Senator Lindsey Graham and 30 other Republican senators signed a letter today calling for the appointment of a special prosecutor to investigate what they dubbed an "avalanche" of leaks from the White House.
But least five of the GOP Senators who signed the letter didn't always feel so strongly about getting a special prosecutor to investigate leaks, while strongly objecting to assuming leakers were guilty before an investigation was complete.
A review of past statements from the senators who signed the letter reveals several flip flops and inconsistent viewpoints.
In a 2003 interview with CNN, Senator Mitch McConnell said that a special prosecutor wasn't necessary in the Valerie Plame case because "you're most likely to get an unbiased investigation by career public integrity people than you are by some special counsel."
In another interview from that year, McConnell asserted that "the career professionals down at the Justice Department who are incorruptible and not subject to being manipulated by either side," should be in charge.
Senators Saxby Chambliss and John Cornyn — who also signed the letter — strongly resisted the notion of appointing a special prosecutor during the Plame affair, with Cornyn calling it a "lousy idea."
Over the past three weeks, that's exactly what the Obama administration has done in the two leak investigations, appointing two career federal prosecutors from the Department of Justice to oversee the investigations.
In the letter, the GOP senators also preemptively pointed the finger at Tom Donilon, President Obama's national security advisor, citing a New York Times book review that suggests he was a key source in the recent David Sanger book.

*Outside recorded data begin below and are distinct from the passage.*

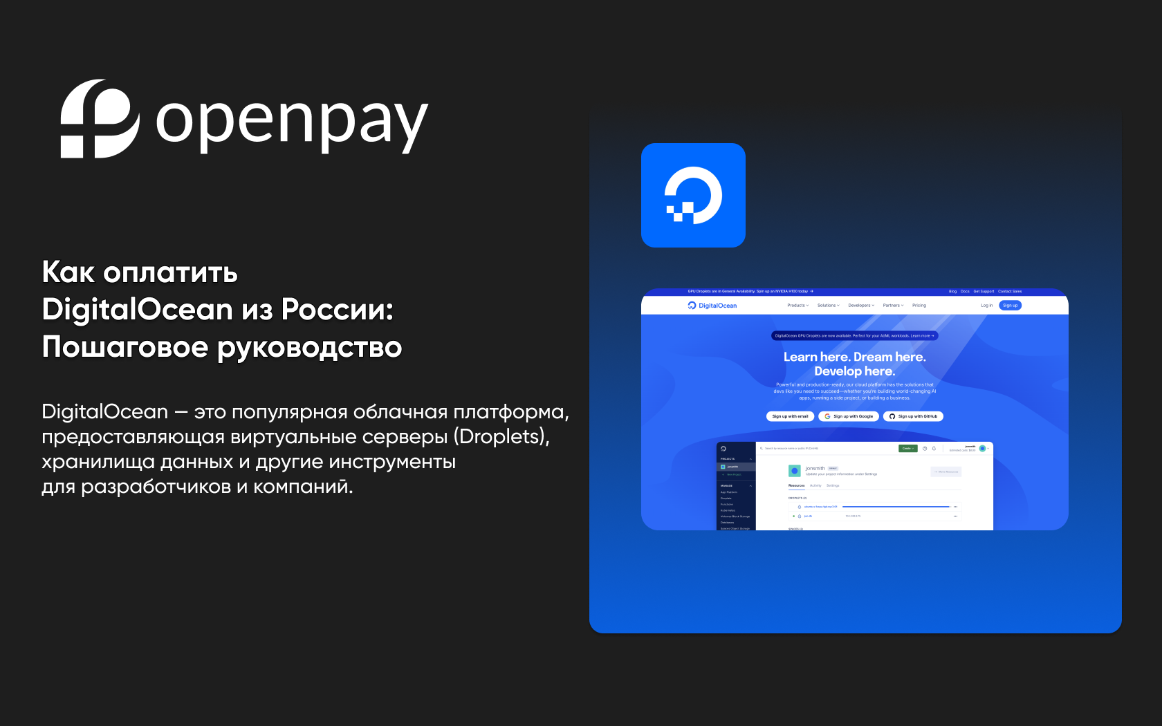 DigitalOcean — это популярная облачная платформа, предоставляющая виртуальные серверы (Droplets), хранилища данных и другие инструменты для разработчиков и компаний. Сервис позволяет быстро развернуть веб-приложения, базы данных и другие инфраструктурные решения. Однако пользователи из России могут столкнуться с трудностями при оплате подписки на DigitalOcean из-за текущих ограничений. В этой статье мы рассмотрим, как оплатить DigitalOcean из России с помощью OPEN PAY, чтобы продолжить использование всех возможностей платформы.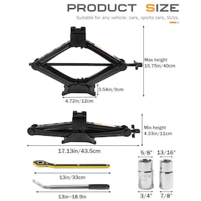 - Capacidade máxima de elevação: 2 toneladas - Faixa de elevação: 4,33 a 15,75 polegadas Você receberá - 1 conector 2T. - 1 chave catraca. - 1 chave de pneu. -1 luva - 1 medidor de pressão de pneu tipo lápis. - 1 bolsa de armazenamento. Vantagens do nosso produto -Função: Para qualquer emergência, este kit de macaco de carro ajudará você a trocar pneus de forma rápida e fácil - Material: materiais de alta qualidade para suportar o uso pesado, e sua estrutura resistente à corrosão garante durabilidade e longevidade - Características: o macaco de tesoura oferece uma ampla variedade mais ampla para alcançar facilmente sob sedãs de piso baixo ou levantar SUVs de corpo alto. - Aplicável: adequado para carros padrão, mas também adequado para SUV, MPV, sedan, cupê, crossover, etc. - Conteúdo da embalagem: você receberá 1 conector 2T; 1 chave catraca; 1 chave de pneu; 1 luva; 1 medidor de pressão de pneu tipo lápis; 1 bolsa de armazenamento. Com este kit, você não precisa de mais nada. - Materiais de alta qualidade: nosso kit de macaco é feito de materiais de alta qualidade para suportar o uso pesado, e sua estrutura resistente à corrosão garante durabilidade e longevidade. Para qualquer emergência, este kit de macaco de carro ajudará você a trocar pneus de forma rápida e fácil. - Capacidade do macaco: a capacidade máxima de elevação do macaco de tesoura do carro é de 2 toneladas e seu alcance de elevação é de 11 cm a 15,75 polegadas (40 cm); o macaco tesoura oferece um alcance mais amplo para alcançar facilmente sob sedãs de piso baixo ou levantar SUVs de corpo alto. - Fácil de usar: simples e fácil de operar, enquanto a chave de pneu e o kit de troca de pneus são projetados para fornecer uma aderência confortável e alavancagem máxima, garantindo um desempenho confiável para todas as suas necessidades de elevação. O tamanho compacto facilita o armazenamento no porta-malas ou banco traseiro. - Ampla aplicação: adequado para carros padrão, mas também adequado para SUV, MPV, sedan, cupê, crossover, etc. É perfeito para situações de emergência, como quando você precisa substituir um pneu furado, remover uma roda presa ou realizar outros reparos de veículos.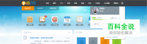 (此处以IBOS V3为例)进入OA系统后,将鼠标移至办公首页右上角的头像上,在弹出的菜单中点击“管理”,然后进入OA后台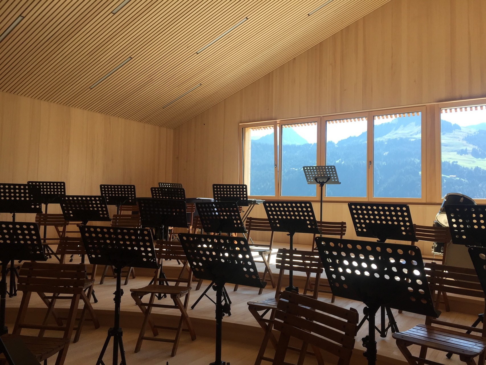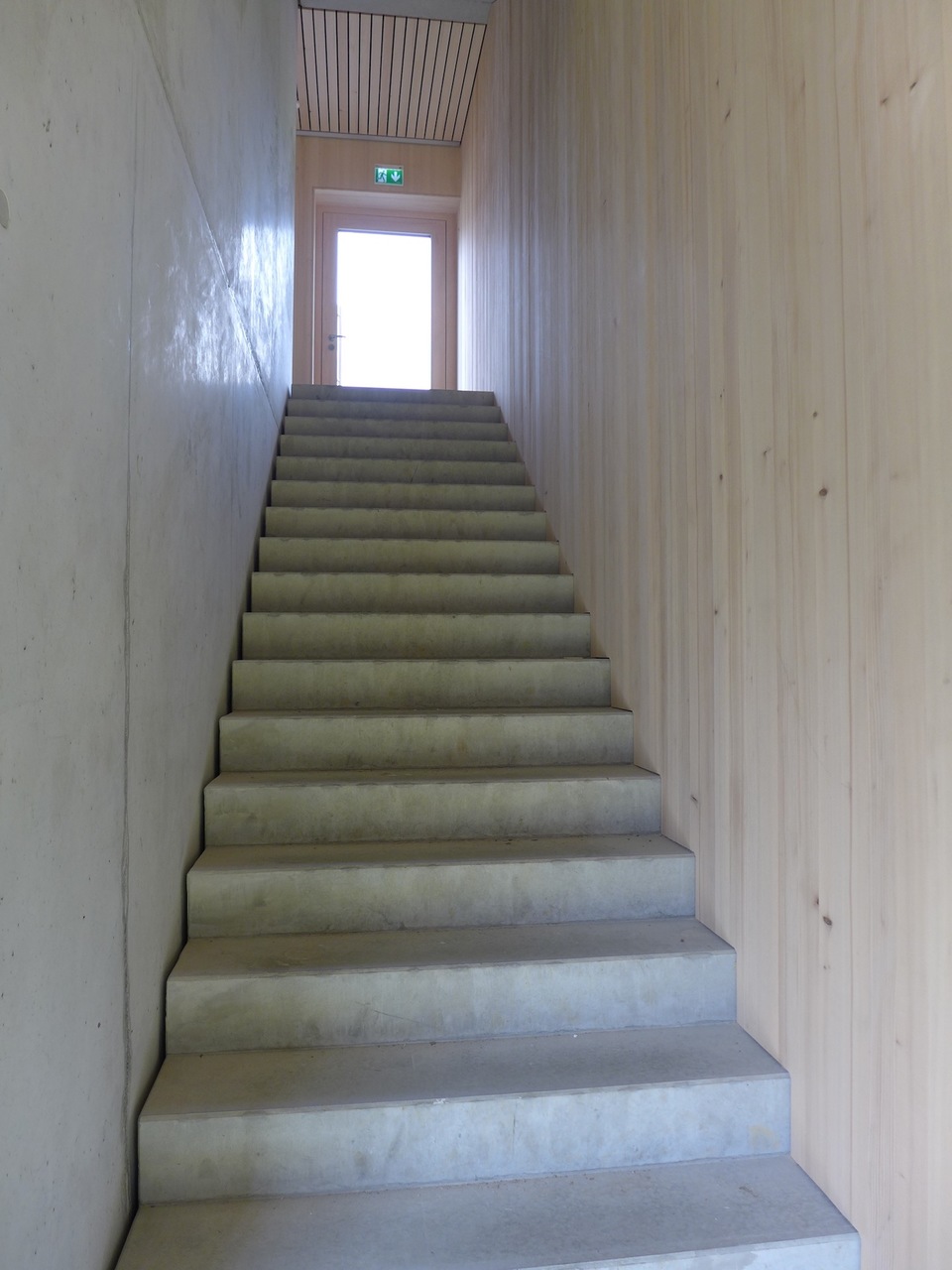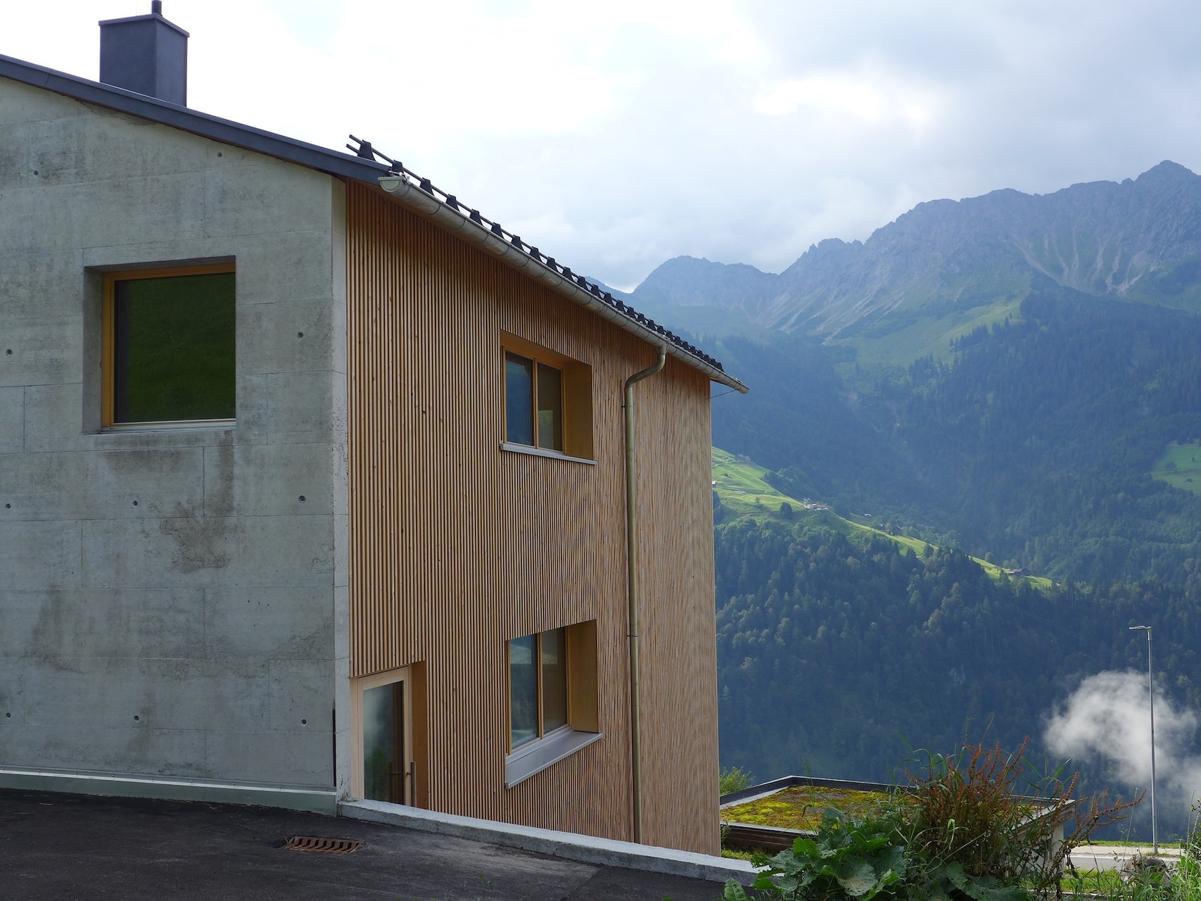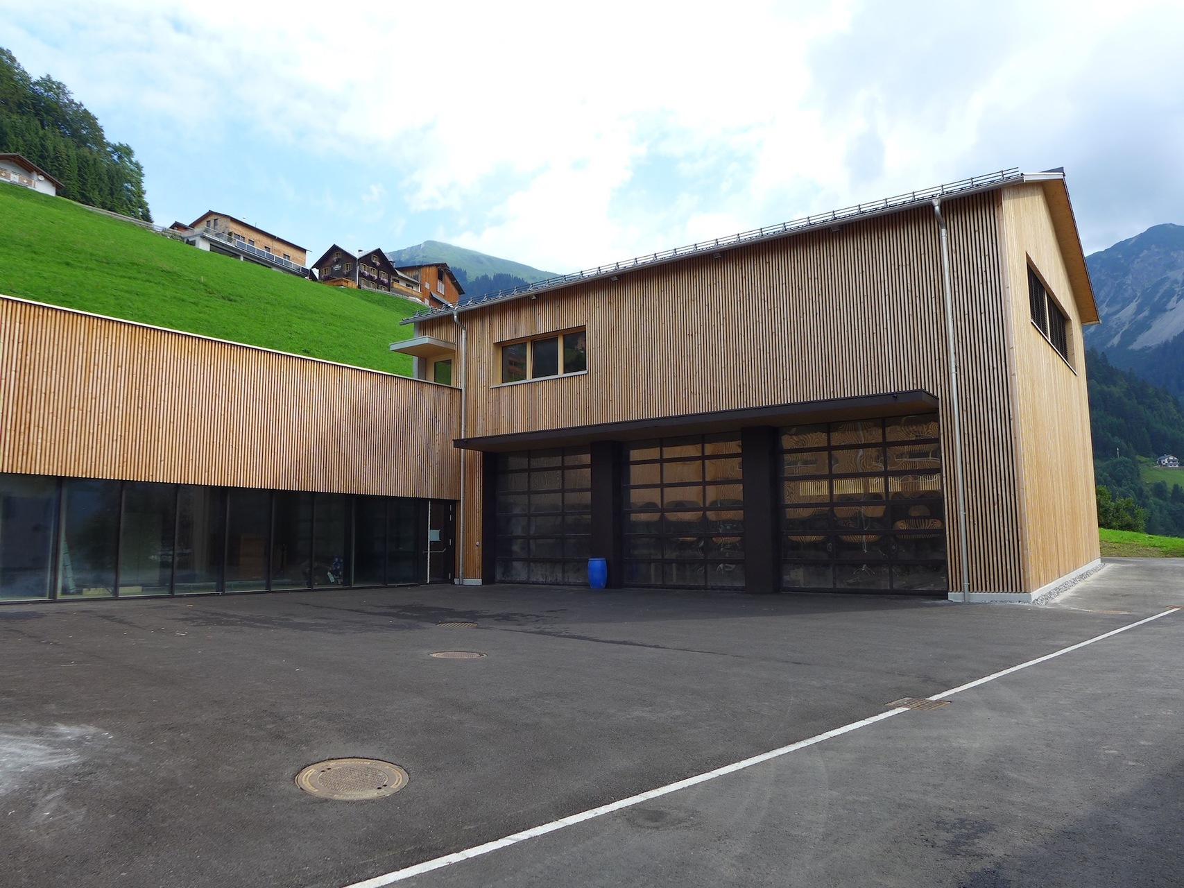 Mit großer Leichtigkeit schreiben Gohm Hiessberger mit zwei Bauten die Häuserzeile entlang der Passstraße fort und packen die verschiedenen Funktionen mit großer Selbstverständlichkeit ins äußerst steile Gelände. Daneben zwingen straffe Budgetvorgaben zu einer Komprimierung der Wünsche auf das Notwendige, dementsprechend roh und ungeschönt sind Garderoben und Fahrzeug-Einstellhallen ausgefallen. Angriffslustige Farbgebung und offene Leitungsführung überhöhen den legeren Eindruck und vermitteln Aktionsfreude. Die Schulungs- und Proberäume überraschen durch akkurate Ausführung – edle Täferarbeiten in Weißtanne, dem ehrenamtlichen Einsatz sei Dank, wenn auch da und dort mit mehr Gestaltungswillen, als den Architekten lieb ist. Große Aufmerksamkeit erfahren die Außenräume. Mit ihren wohlüberlegten Oberflächen und Übergängen zelebrieren sie die Wichtigkeit der Funktionen und unterstreichen den öffentlichen Anspruch dieses gelungenen Horts dörflichen Zusammenhalts. (Text: Marina Hämmerle)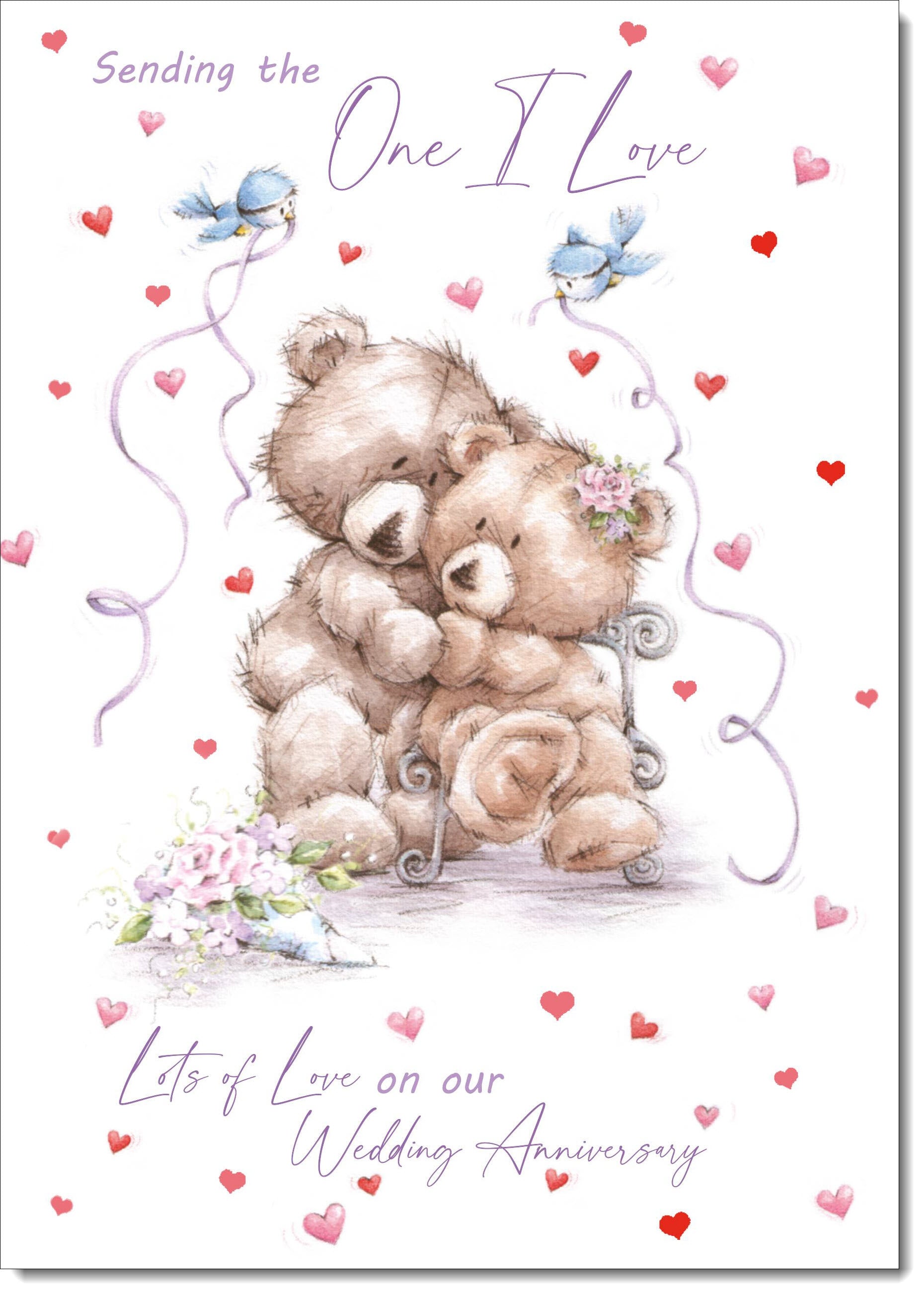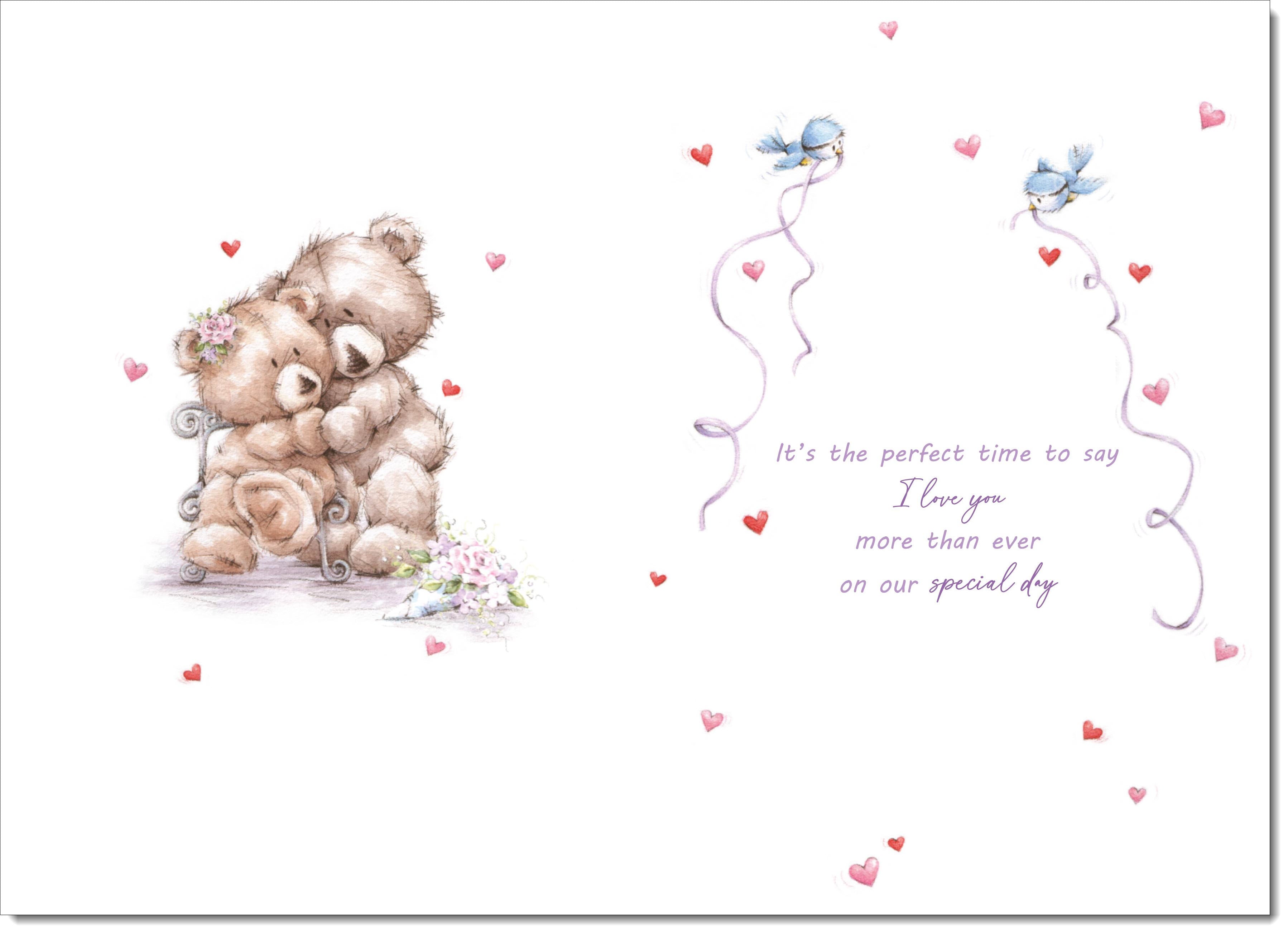 Our Wedding Anniversary Card Cute Teddy Couple with Ribbons

However, the letter's author, Lindsey Graham, strongly objected to the speculation that Karl Rove was behind the Plame leaks, telling CBS in 2005 that "there's no evidence that Karl Rove" leaked the CIA's operative name.
John McCain — another signatory to the letter who has led the charge on the Hill to pursue a leak investigation, calling for a non-binding resolution to appoint a special prosecutor — defended Rove as well, telling MSNBC at the time that "Karl Rove has stated that he did not do anything wrong...I take him at his word.”
Democrats charge that the GOP senators have opened themselves to charges of hypocrisy in investigation that is increasingly taking on partisan tones: the letter today noted that both Joe Biden and Obama had previously called for a special counsel to investigate the Valerie Plame case, using the president and vice president's previous statements as examples to establish "precedent of asking for a neutral investigation."